As for her film noir bona fides, catch her in a laugh out loud unintentionally funny Italian crime film with Cameron Mitchell called DOG EAT DOG (1964). The scene with Jayne wallowing in a bed full of stolen cash is worth seeing the whole film for, and if you ever hear the word ‘Crackers’ again without thinking of her you’re a better man than I. She also did two decent Brit crime films (both 1960) TOO HOT TO HANDLE with Christopher Lee and IT TAKES A THIEF with Anthony Quayle. Her performances in both are fairly well modulated and fit the roles she plays.
Re Randall, he was also (like the rest of the cast of ILAM) a regular on Morse’s soap opera ONE MAN’S FAMILY. Ironic that the Oklahoma born Randall was rejected for the part of the Texan Doc on ILAM and played the Englishman Reggie York instead. Randall did a lot of early television including playing Black Bart on an episode of Gabby Hayes series (good casting if you know the story of Black Bart), and a regular on Wally Cox MR. PEEPERS. His big breakthrough on television was in the live drama TWELVE ANGRY MEN.
Re the JDM and Runyon stories, what often happens in those circumstances is that the studio finds it has acquired two stories that have a similar theme and rather than risk legal troubles they credit both stories. Then too there can be some element in one story that they feel they want in their adaptation. A similar thing happened with the film THE PUSHOVER based on novels by both Thomas Walsh and Bill Ballinger.
Rather than risk a lawsuit the studios often erred on the side of caution.
As for JDM he almost never liked any adaptation of his material and was so protective of his work he threatened to go to court to keep Ross Macdonald from continuing to publish as John Ross Macdonald. Which doesn’t mean his take on the story isn’t right, but keep in mind studios sometimes have concerns that the writers don’t have to deal with.
Rather than a “committee of idiots” it may well have been a committee if cautious idiots. While I tend to sympathize with writers complaining about Hollywood changing their work I’m realistic enough to know that it isn’t always arbitrary meddling by talentless people trying put their mark on a project. Sometimes its talentless people trying to avoid going to court, and you almost never hear the author complain when the interference actually improves their story.

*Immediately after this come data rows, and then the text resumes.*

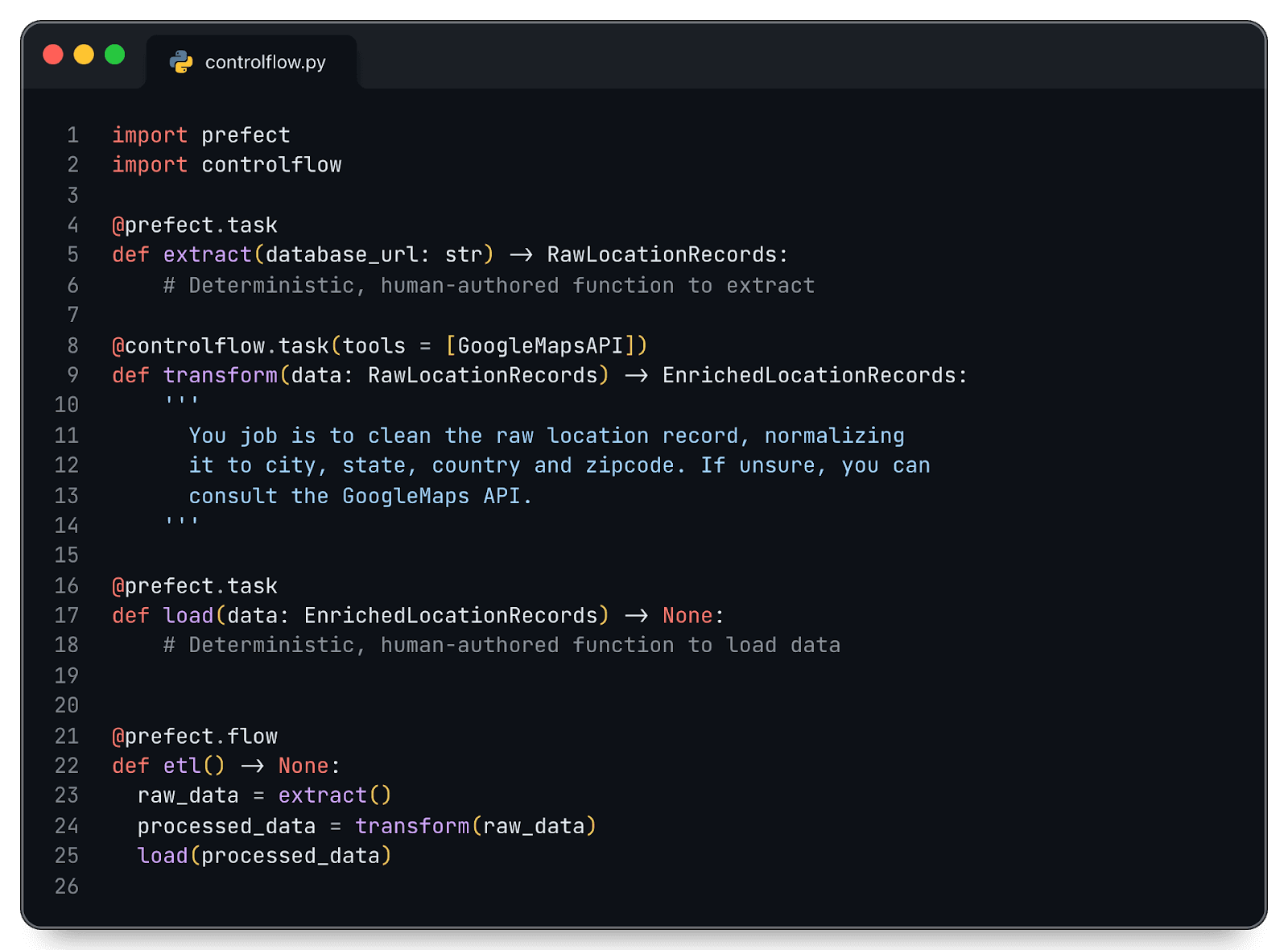 In addition, we are announcing ControlFlow, our new open-source framework for building agentic workflows, built on top of Prefect 3.0. ControlFlow allows AI engineers to orchestrate and control AI agents across multiple tasks, with consistent history and context throughout.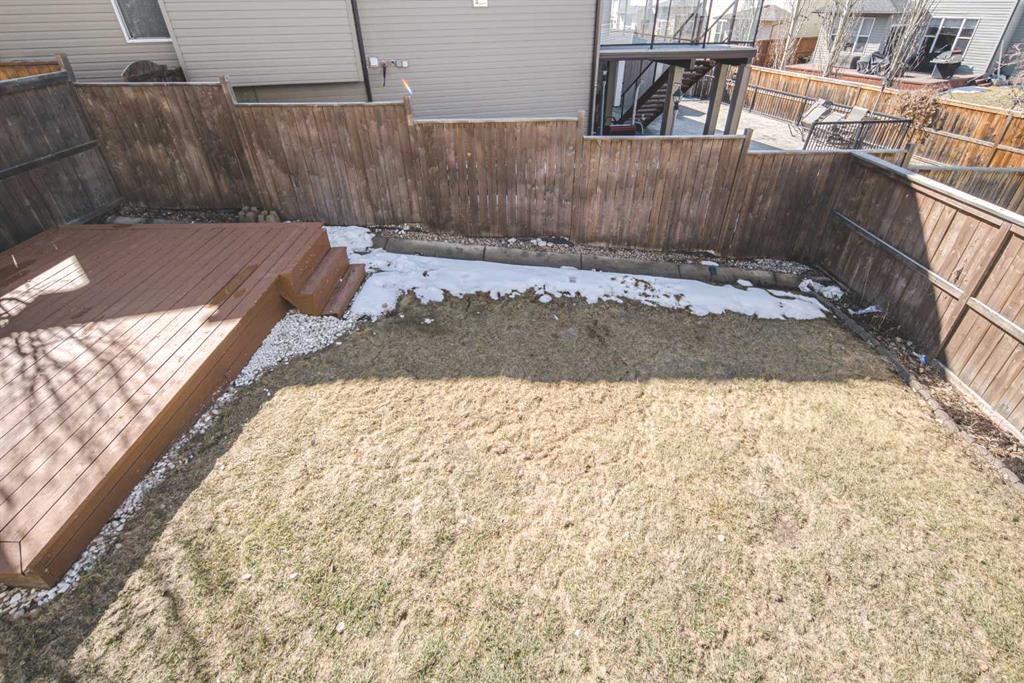 Fully fenced south-facing backyard with deck—ideal for outdoor living.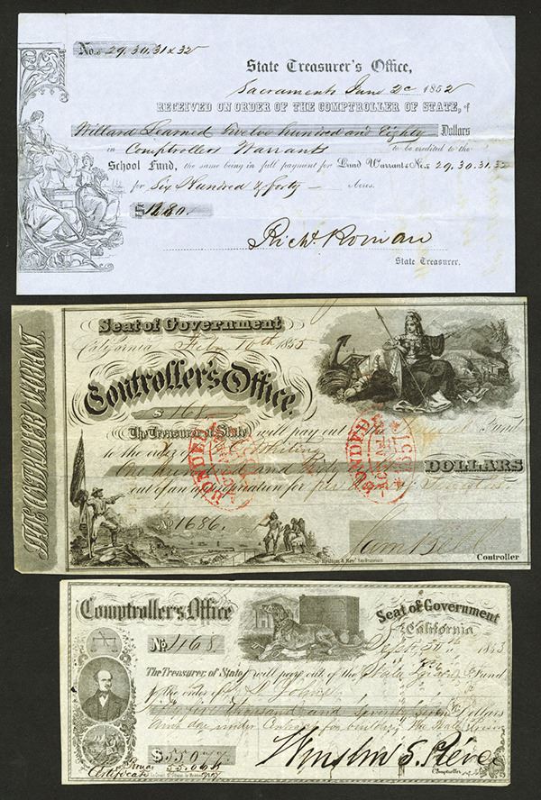 California. Lot of 3 different California State Government warrants. Includes 1852, Warrant for $1280 for full payment of land warrants, plain blue form; 1853 warrant for $468 for building state prison; and 1855 warrant for $168 for Per Diem for senators. All are Fine-VF condition. Scarce and attractive California Gold rush warrants.

March 14th, 2010 at 1:27 pm
The photo of Jayne Mansfield isn’t from a scene in Hangover, but it was taken on the set at the time. As a candid shot, not posed, she seems more vulnerable and likable (rather than deliberately “lustable,” to coin a word) than she usually does.
June 20th, 2023 at 7:32 pm
Really, really belatedly:
Tony Randall wasn’t in the live TV production of Twelve Angry Men.
If you’re thinking of Juror #12, the glib advertising guy, that was Lee Philips, who in later years had a short run as the TV Ellery Queen – and even later than that, directed sitcoms like Mayberry RFD.
My source is the DVD edition of Twelve Angry Men, also featuring Bob Cummings, Franchot Tone, Edward Arnold, Paul Hartman, Norman Fell (then Feld), and a bunch of others.